Ramener la paix dans les zones en conflit s’avère être ce qu’il y a de plus fondamental, Prévenir les conflits par une gestion durable des ressources minières. c’est aussi protéger l’environnement.

Merlin Fotabong Assoua.


[1] Groupe de 16 métaux aux propriétés semblables (yttrium, lanthane, cérium, néodyme, terbium, dysprosium, etc).  Contrairement à ce que leur nom indique, elles sont répandues et on ne les trouve jamais à l’état pur. Leur raffinage est complexe et polluant. Elles sont utilisées entre autres dans les aimants de missiles. Commission Justice et Paix, derrière nos écrans : les enjeux de l’exploitation minière, Dossier pédagogique, 2019, p.14

[2] https://gresea.be/Le-pillage-muscle-par-l-hyperextractivisme

[3] Commission Justice et Paix, op., cit., p.9

[4] Bisht, Arpita., et al. « Extractivisme prédateur et conflits de distribution écologique : Le minerai de fer en Inde ». Multitudes, 2019/2 n° 75, 2019. p.180-185

[5] Christophe Boltanski, Minerais de sang.
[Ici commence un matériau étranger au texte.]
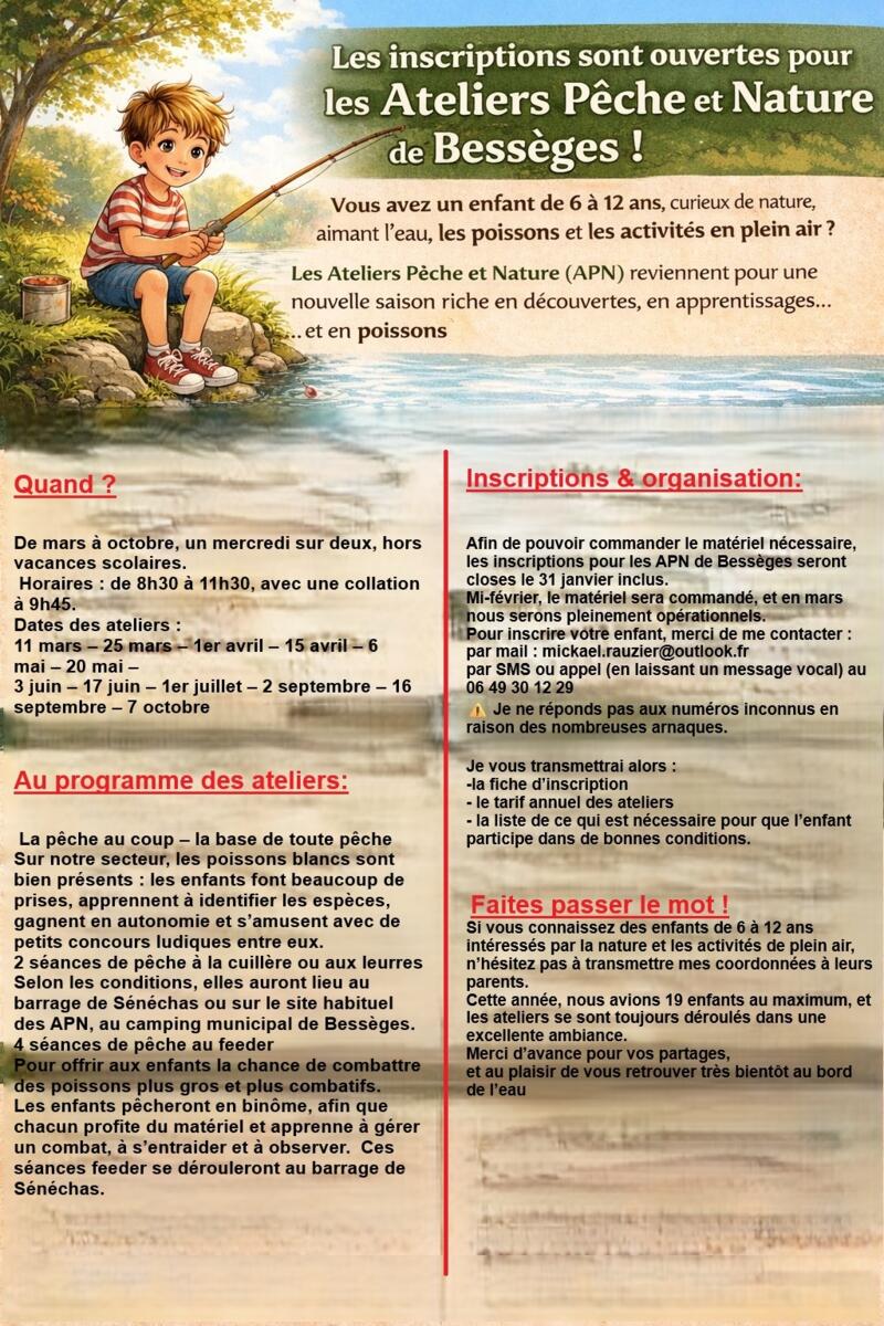 Ateliers pêche et nature pour les enfants : inscriptions

Les esclaves du monde moderne, folio actuel, 2014. p. 32

[6] Rapport à mi-parcours du Groupe d’experts de l’ONU sur la République Démocratique du Congo, 27 décembre 2024, p., 15. http://www.undocs.org/fr/S/2024/969

[7] Ibid.,

[8] Ibid.,

[9] Rapport 2020 de la Commission européenne sur « les matières premières essentielles pour les technologies et les secteurs stratégiques de l’UE, une étude prospective », p. 70

[10] Par l’expression « minerais de sang » on désigne quatre minerais et métaux – étain, tungstène,
tantale et or – dont la production est souvent contrôlée par des groupes armés, en République
démocratique du Congo (essentiellement dans la région du Kivu) et dans la région des Grands Lacs
mais aussi au Zimbabwe, en République centrafricaine, en Birmanie ou encore en Colombie. Ce pillage
de ressources est difficile à chiffrer mais l’ONU estime qu’en 2013, 98% de l’or produit en RDC est
sorti clandestinement du pays. Ces minerais se retrouvent pourtant dans des filières de production
officielles et « légales ».

[11]https://information.tv5monde.com/afrique/video/armes-une-proliferation-inquietante-en-afrique-2758638

[12] PNUE – Programme des Nations Unies pour L’environnement. 2/15. Protection de l’environnement dans les zones touchées par les conflits armés – UNEP/EA.2/Res.15. New York : PNUE, 2016.